SOURCE INFORMATION:
↓

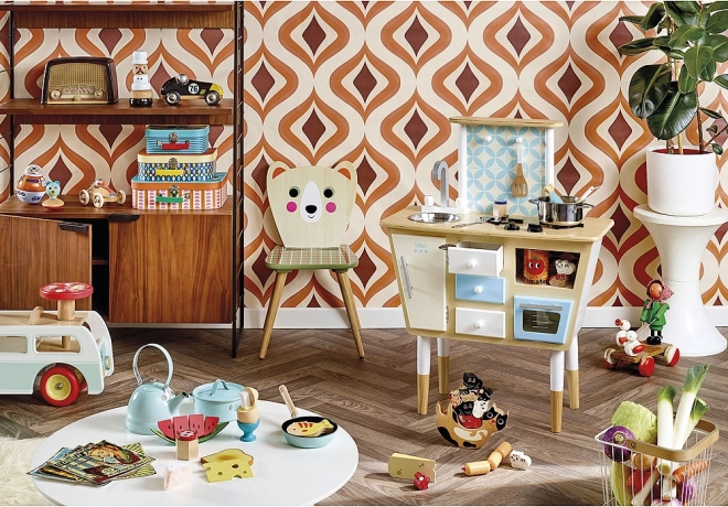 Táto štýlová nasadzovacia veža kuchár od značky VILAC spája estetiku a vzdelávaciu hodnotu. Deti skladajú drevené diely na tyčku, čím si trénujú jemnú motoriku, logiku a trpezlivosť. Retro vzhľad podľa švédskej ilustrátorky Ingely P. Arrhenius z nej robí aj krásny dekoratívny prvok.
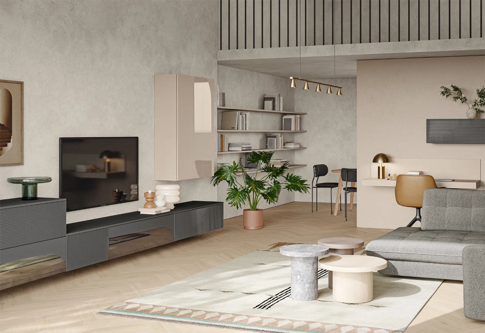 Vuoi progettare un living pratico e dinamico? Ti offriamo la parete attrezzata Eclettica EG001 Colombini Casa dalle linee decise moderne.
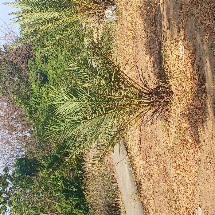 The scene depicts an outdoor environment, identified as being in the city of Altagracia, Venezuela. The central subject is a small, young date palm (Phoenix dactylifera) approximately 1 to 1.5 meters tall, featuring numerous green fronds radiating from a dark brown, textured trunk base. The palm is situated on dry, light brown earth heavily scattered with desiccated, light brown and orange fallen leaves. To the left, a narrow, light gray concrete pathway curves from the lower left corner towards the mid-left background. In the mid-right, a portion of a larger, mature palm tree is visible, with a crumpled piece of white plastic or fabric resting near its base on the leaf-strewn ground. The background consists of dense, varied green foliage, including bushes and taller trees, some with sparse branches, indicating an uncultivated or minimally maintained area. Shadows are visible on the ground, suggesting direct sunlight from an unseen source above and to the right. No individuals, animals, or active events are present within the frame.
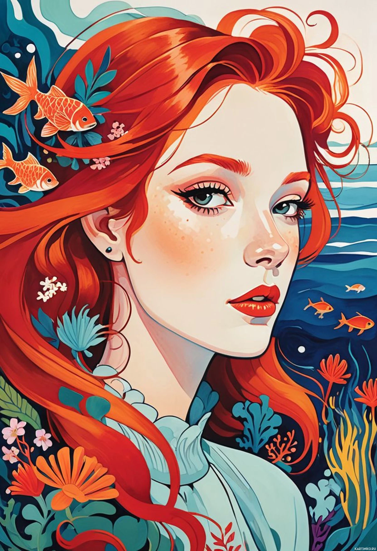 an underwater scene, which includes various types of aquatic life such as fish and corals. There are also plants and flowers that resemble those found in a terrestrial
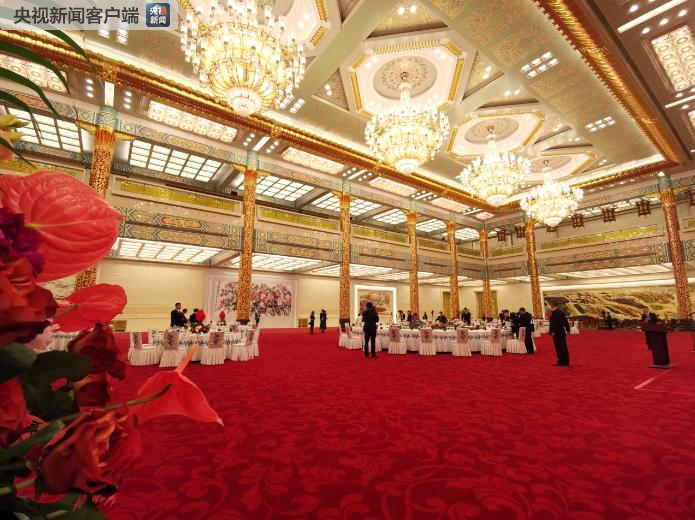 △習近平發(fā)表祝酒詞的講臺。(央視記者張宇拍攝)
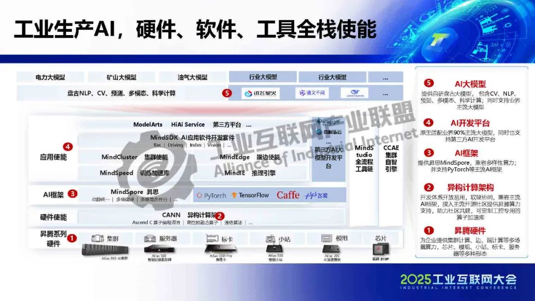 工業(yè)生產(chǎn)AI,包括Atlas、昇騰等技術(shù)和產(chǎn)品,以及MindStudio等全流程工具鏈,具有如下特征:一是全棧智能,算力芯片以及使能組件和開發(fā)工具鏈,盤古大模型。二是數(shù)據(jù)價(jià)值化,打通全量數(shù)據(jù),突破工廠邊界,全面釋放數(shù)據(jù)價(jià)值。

↑
↓

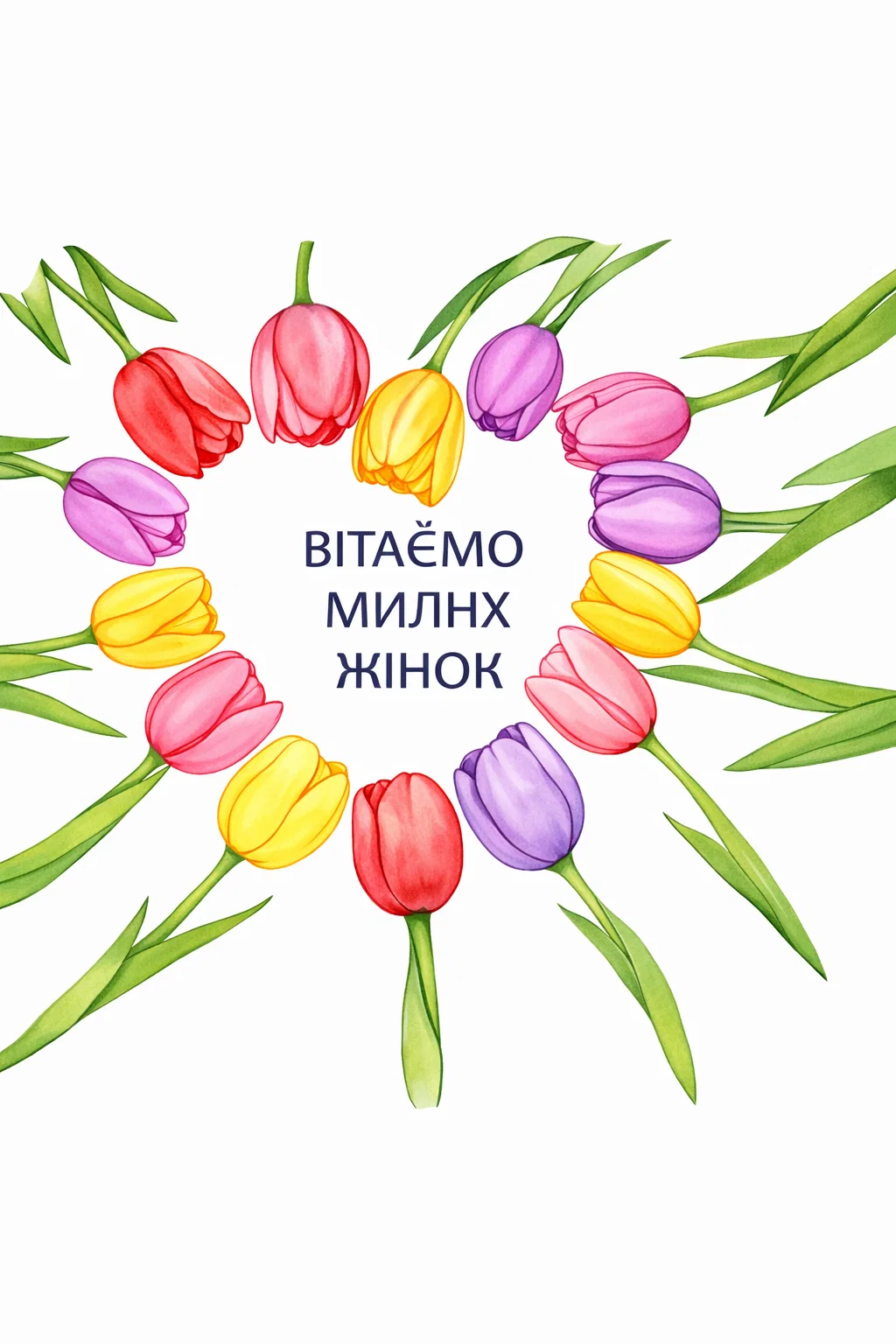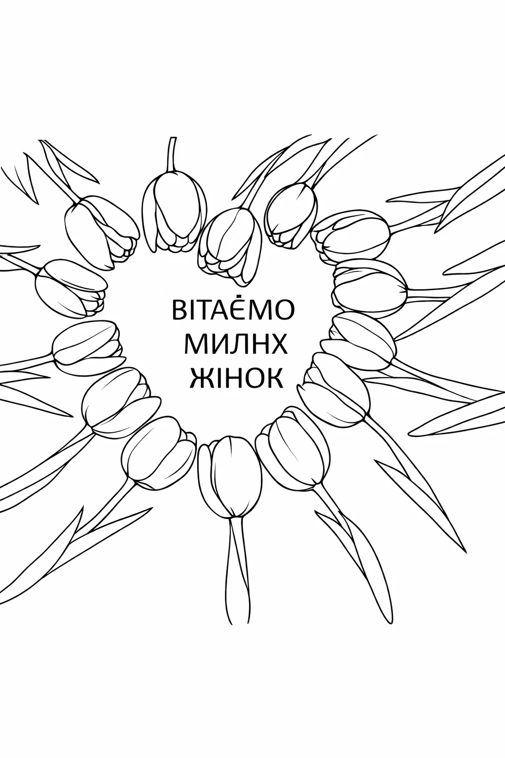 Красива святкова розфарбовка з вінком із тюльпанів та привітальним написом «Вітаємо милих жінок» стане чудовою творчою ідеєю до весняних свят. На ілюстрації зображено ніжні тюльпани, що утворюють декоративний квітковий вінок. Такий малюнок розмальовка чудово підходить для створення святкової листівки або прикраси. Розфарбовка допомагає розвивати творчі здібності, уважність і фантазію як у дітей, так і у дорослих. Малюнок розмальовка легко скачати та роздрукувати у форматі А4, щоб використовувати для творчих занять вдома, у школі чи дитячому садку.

↑

ASSIGNED TASK: In the data above, take the line with "Táto štýlová nasadzovacia", the line with "工業(yè)生產(chǎn)", and every line between, and set them down exactly without pictures.

RESPONSE:
 Táto štýlová nasadzovacia veža kuchár od značky VILAC spája estetiku a vzdelávaciu hodnotu. Deti skladajú drevené diely na tyčku, čím si trénujú jemnú motoriku, logiku a trpezlivosť. Retro vzhľad podľa švédskej ilustrátorky Ingely P. Arrhenius z nej robí aj krásny dekoratívny prvok.
 Vuoi progettare un living pratico e dinamico? Ti offriamo la parete attrezzata Eclettica EG001 Colombini Casa dalle linee decise moderne.
 The scene depicts an outdoor environment, identified as being in the city of Altagracia, Venezuela. The central subject is a small, young date palm (Phoenix dactylifera) approximately 1 to 1.5 meters tall, featuring numerous green fronds radiating from a dark brown, textured trunk base. The palm is situated on dry, light brown earth heavily scattered with desiccated, light brown and orange fallen leaves. To the left, a narrow, light gray concrete pathway curves from the lower left corner towards the mid-left background. In the mid-right, a portion of a larger, mature palm tree is visible, with a crumpled piece of white plastic or fabric resting near its base on the leaf-strewn ground. The background consists of dense, varied green foliage, including bushes and taller trees, some with sparse branches, indicating an uncultivated or minimally maintained area. Shadows are visible on the ground, suggesting direct sunlight from an unseen source above and to the right. No individuals, animals, or active events are present within the frame.
 an underwater scene, which includes various types of aquatic life such as fish and corals. There are also plants and flowers that resemble those found in a terrestrial
 △習近平發(fā)表祝酒詞的講臺。(央視記者張宇拍攝)
 工業(yè)生產(chǎn)AI,包括Atlas、昇騰等技術(shù)和產(chǎn)品,以及MindStudio等全流程工具鏈,具有如下特征:一是全棧智能,算力芯片以及使能組件和開發(fā)工具鏈,盤古大模型。二是數(shù)據(jù)價(jià)值化,打通全量數(shù)據(jù),突破工廠邊界,全面釋放數(shù)據(jù)價(jià)值。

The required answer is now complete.